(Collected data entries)
* * * *

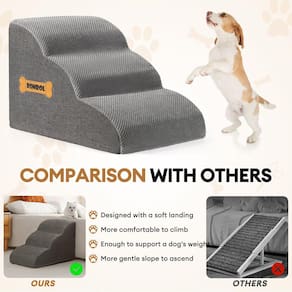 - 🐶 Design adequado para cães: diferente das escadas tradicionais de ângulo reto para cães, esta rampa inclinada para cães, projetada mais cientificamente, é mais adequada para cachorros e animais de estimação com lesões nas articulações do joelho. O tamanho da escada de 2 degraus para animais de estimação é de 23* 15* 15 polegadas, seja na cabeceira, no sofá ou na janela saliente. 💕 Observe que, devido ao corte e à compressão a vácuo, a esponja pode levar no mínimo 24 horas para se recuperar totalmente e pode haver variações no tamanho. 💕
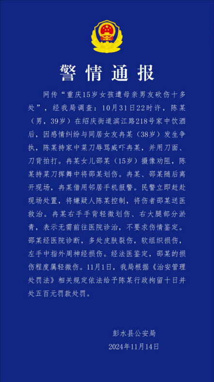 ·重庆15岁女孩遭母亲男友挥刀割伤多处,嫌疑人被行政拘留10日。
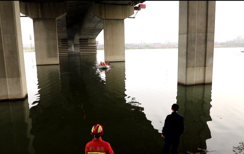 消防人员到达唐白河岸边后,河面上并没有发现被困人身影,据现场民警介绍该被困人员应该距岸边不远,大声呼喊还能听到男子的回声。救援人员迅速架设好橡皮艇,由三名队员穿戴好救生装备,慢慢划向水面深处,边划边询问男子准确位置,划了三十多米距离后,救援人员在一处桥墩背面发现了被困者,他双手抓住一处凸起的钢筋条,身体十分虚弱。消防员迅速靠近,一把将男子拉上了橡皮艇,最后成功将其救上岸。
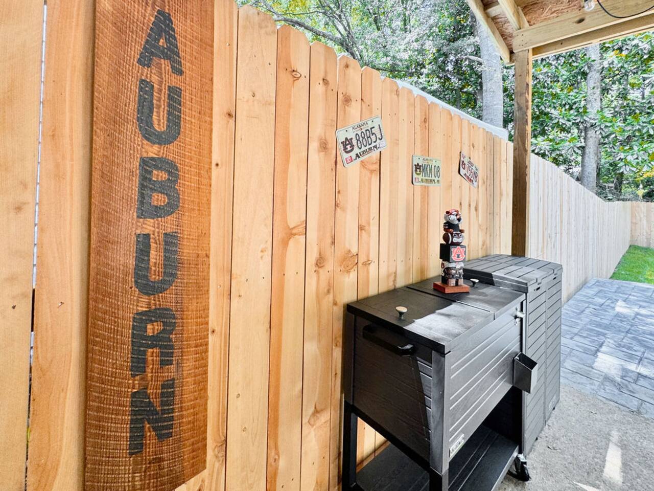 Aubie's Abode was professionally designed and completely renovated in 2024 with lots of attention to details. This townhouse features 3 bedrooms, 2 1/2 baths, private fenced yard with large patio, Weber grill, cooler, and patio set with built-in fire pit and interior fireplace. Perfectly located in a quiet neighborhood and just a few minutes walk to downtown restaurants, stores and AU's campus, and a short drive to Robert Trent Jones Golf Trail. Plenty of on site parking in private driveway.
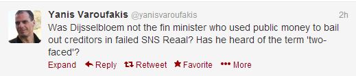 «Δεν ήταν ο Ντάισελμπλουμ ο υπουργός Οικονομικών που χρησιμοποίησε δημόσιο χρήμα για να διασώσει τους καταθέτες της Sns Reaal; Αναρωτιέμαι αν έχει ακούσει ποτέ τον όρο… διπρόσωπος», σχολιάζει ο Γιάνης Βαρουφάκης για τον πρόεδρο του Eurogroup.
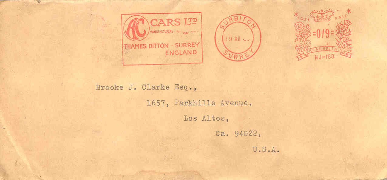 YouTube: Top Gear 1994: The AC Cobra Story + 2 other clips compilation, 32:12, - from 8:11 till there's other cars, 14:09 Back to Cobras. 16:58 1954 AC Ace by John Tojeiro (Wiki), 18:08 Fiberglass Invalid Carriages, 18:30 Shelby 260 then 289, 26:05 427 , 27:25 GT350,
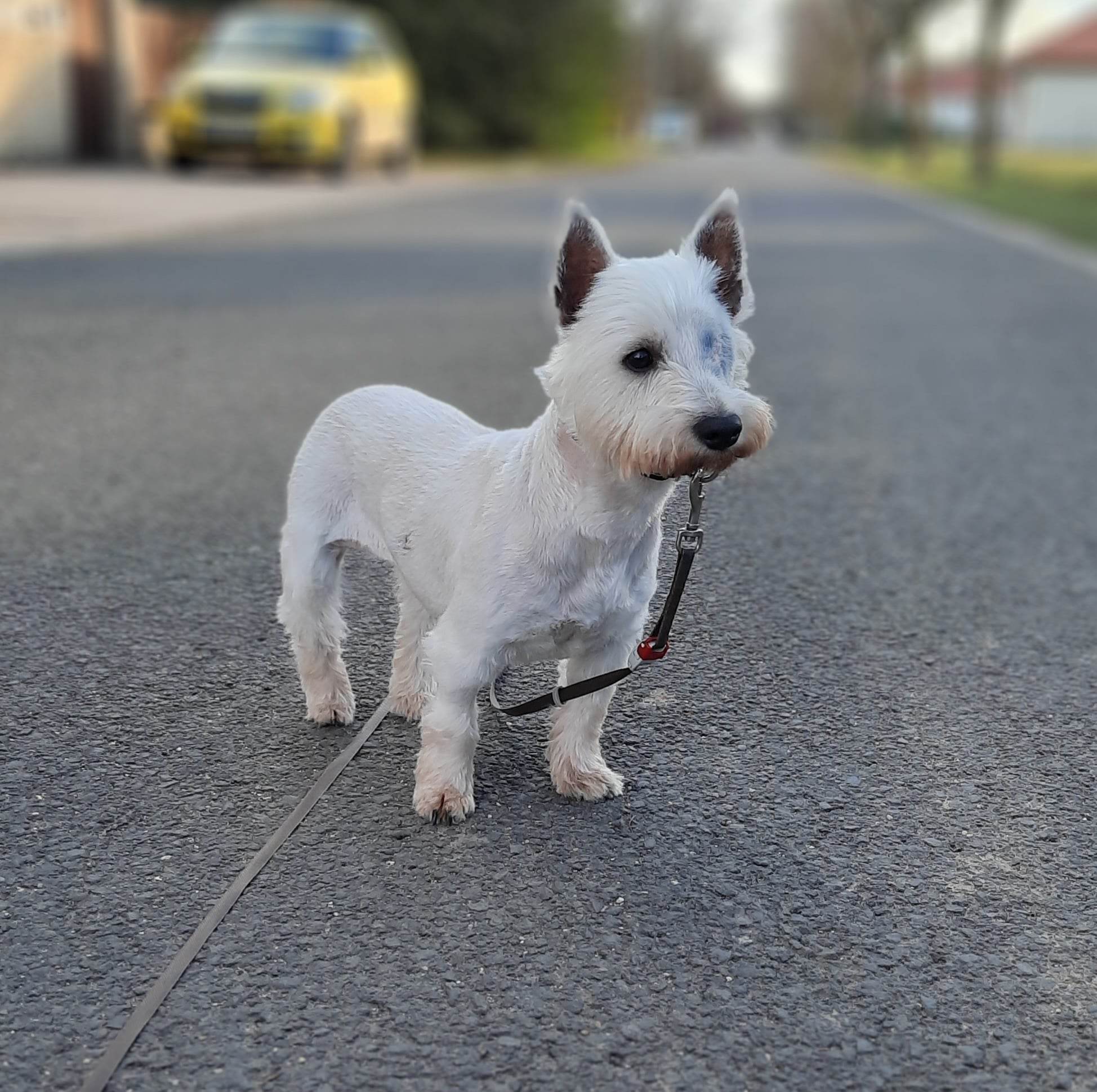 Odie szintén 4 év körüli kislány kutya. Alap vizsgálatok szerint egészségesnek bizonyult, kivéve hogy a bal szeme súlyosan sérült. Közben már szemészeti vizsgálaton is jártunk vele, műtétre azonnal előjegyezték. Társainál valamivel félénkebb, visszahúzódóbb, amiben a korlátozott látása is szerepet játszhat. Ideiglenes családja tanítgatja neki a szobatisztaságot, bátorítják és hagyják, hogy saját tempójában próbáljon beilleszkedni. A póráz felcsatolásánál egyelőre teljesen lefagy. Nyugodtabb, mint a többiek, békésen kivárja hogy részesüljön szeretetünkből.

* * * *

Exercise description:
Pictures aside, every entry above must be repeated exactly.

Written reply:
 - 🐶 Design adequado para cães: diferente das escadas tradicionais de ângulo reto para cães, esta rampa inclinada para cães, projetada mais cientificamente, é mais adequada para cachorros e animais de estimação com lesões nas articulações do joelho. O tamanho da escada de 2 degraus para animais de estimação é de 23* 15* 15 polegadas, seja na cabeceira, no sofá ou na janela saliente. 💕 Observe que, devido ao corte e à compressão a vácuo, a esponja pode levar no mínimo 24 horas para se recuperar totalmente e pode haver variações no tamanho. 💕
 ·重庆15岁女孩遭母亲男友挥刀割伤多处,嫌疑人被行政拘留10日。
 消防人员到达唐白河岸边后,河面上并没有发现被困人身影,据现场民警介绍该被困人员应该距岸边不远,大声呼喊还能听到男子的回声。救援人员迅速架设好橡皮艇,由三名队员穿戴好救生装备,慢慢划向水面深处,边划边询问男子准确位置,划了三十多米距离后,救援人员在一处桥墩背面发现了被困者,他双手抓住一处凸起的钢筋条,身体十分虚弱。消防员迅速靠近,一把将男子拉上了橡皮艇,最后成功将其救上岸。
 Aubie's Abode was professionally designed and completely renovated in 2024 with lots of attention to details. This townhouse features 3 bedrooms, 2 1/2 baths, private fenced yard with large patio, Weber grill, cooler, and patio set with built-in fire pit and interior fireplace. Perfectly located in a quiet neighborhood and just a few minutes walk to downtown restaurants, stores and AU's campus, and a short drive to Robert Trent Jones Golf Trail. Plenty of on site parking in private driveway.
 «Δεν ήταν ο Ντάισελμπλουμ ο υπουργός Οικονομικών που χρησιμοποίησε δημόσιο χρήμα για να διασώσει τους καταθέτες της Sns Reaal; Αναρωτιέμαι αν έχει ακούσει ποτέ τον όρο… διπρόσωπος», σχολιάζει ο Γιάνης Βαρουφάκης για τον πρόεδρο του Eurogroup.
 YouTube: Top Gear 1994: The AC Cobra Story + 2 other clips compilation, 32:12, - from 8:11 till there's other cars, 14:09 Back to Cobras. 16:58 1954 AC Ace by John Tojeiro (Wiki), 18:08 Fiberglass Invalid Carriages, 18:30 Shelby 260 then 289, 26:05 427 , 27:25 GT350,
 Odie szintén 4 év körüli kislány kutya. Alap vizsgálatok szerint egészségesnek bizonyult, kivéve hogy a bal szeme súlyosan sérült. Közben már szemészeti vizsgálaton is jártunk vele, műtétre azonnal előjegyezték. Társainál valamivel félénkebb, visszahúzódóbb, amiben a korlátozott látása is szerepet játszhat. Ideiglenes családja tanítgatja neki a szobatisztaságot, bátorítják és hagyják, hogy saját tempójában próbáljon beilleszkedni. A póráz felcsatolásánál egyelőre teljesen lefagy. Nyugodtabb, mint a többiek, békésen kivárja hogy részesüljön szeretetünkből.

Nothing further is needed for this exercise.